Mumbai: Shares of Reliance Industries Ltd fell after billionaire Chairman Mukesh Ambani was ordered by a court to sell gas to younger brother Anil at below-market prices, reviving a family feud that split India’s most valuable group.
The Mumbai High Court on 4 May ordered Reliance Industries, India’s largest company by market value, to honour a contract to supply gas to Reliance Natural Resources Ltd., controlled by Anil, from its field off the eastern coast of India.
The brothers’ wealth has increased to $38 billion in the past year since they divided the Reliance group, with Mukesh controlling oil and gas exploration and refining and Anil running power, communications and media assets. Mukesh signed an agreement to sell gas from his Krishna Godavari fields to Anil’s power plant being built in northern India.
“This dispute is about the two brothers trying to maximize returns for their investors,” said R.K. Gupta, who manages the equivalent of $70 million of stocks at Credit Capital Asset Management in New Delhi. “The order may not be sustainable because prices have gone up and even the government does not want Reliance to sell the gas so cheap.”
Reliance Industries wants to charge more for the gas as prices have risen to a record and costs for hiring rigs, buying pipelines and construction material have surged. Reliance Industries on Nov. 1 said the cost of developing the fields doubled to $5.2 billion. Potential output also doubled to 80 million cubic meters a day, equal to India’s current production.
Mumbai-based Reliance Industries on 3 May said it will appeal the ruling. Spokesman Tushar Pania declined to comment on 4 May. Venkatesh Somayaji, spokesman for Anil Ambani’s Reliance Energy declined to comment.
Reliance Natural Resources in November filed a suit against Reliance Industries for breaching a December 2005 agreement to supply gas to a power project in north India.
Reliance Industries agreed to sell 28 million cubic meters of gas a day to Reliance Natural Resources, the Business Standard newspaper reported on Feb. 5, 2006. The gas was to be sold at $2.34 per million British Thermal Units, the Press Trust of India reported July 26.
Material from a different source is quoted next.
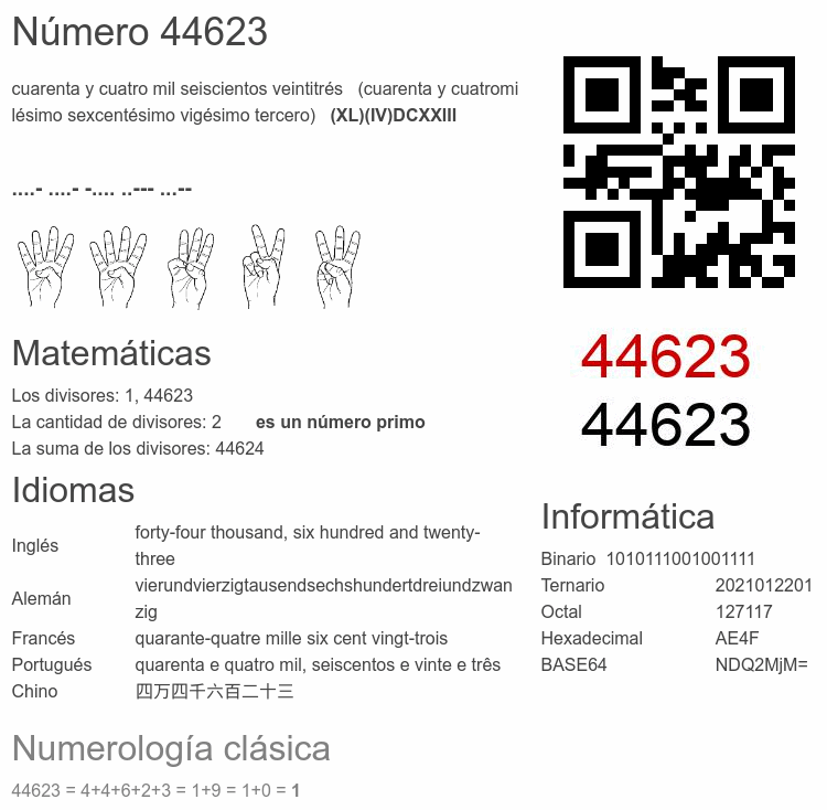 El número impar 44 623 se dice 🔊, y se escribe con las palabras: cuarenta y cuatro mil seiscientos veintitrés. El número ordinal 44623.° se dice 🔊 y se escribe como: cuarenta y cuatromilésimo sexcentésimo vigésimo tercero. El significado del número 44623 en Matemáticas: Es un primo? Factorización y árbol de factores primos. La raíz cuadrada de y la raíz cúbica de 44623. El significado en informática, numerología, códigos e imágenes, escritura y denominación en otras lenguas. Otras curiosidades relacionadas con el 44623.

India’s Oil Ministry on July 26 asked Reliance Industries to raise the price of the natural gas it plans to sell to Reliance Natural Resources. Selling gas at prices lower than what other private oil companies charge in India will reduce the royalty that the government will earn, a statement issued by the Oil Ministry, which is party to the production contract, said.
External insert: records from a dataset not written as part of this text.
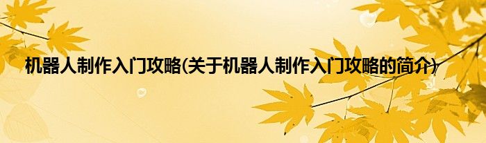 本文关于机器人制作入门攻略的简介就讲解完毕,希望对大家有所帮助。
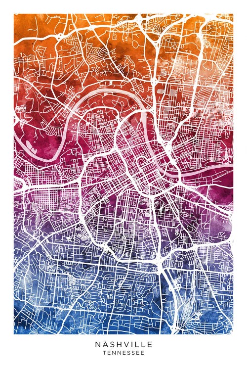 Nashville City Map Colorful Watercolor Style
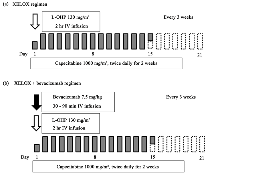 Figure 1. Chemotherapy regimens: (a) XELOX regimen; (b) XELOX + bevacizumab regimen.

Gas produced by non-state-run companies is sold in India at $4.75 per million BTU, R.S. Sharma, chairman, Oil & Natural Gas Corp., the nation’s largest explorer, said on July 7.
NTPC Ltd., India’s biggest power generator, filed a suit against Reliance Industries in December 2005 to enforce a gas- supply contract.
NTPC asked the Mumbai High Court to prevent Reliance from selling the fuel to any other user until the contract is fulfilled. The utility needs the gas to fire the 2,600 megawatts of capacity it plans to add at two plants in western Gujarat state by 2007. Reliance won a contract to sell 3 million metric tons of gas at $2.97 per million British thermal units.
Reliance Industries fell 2.5 percent to 1,582.55 rupees apiece at the 3:30 p.m. close on the Bombay Stock Exchange. Reliance Natural Resources rose 2.5 percent to 26.95 rupees and Reliance Energy gained 0.6 percent to 515.7 rupees.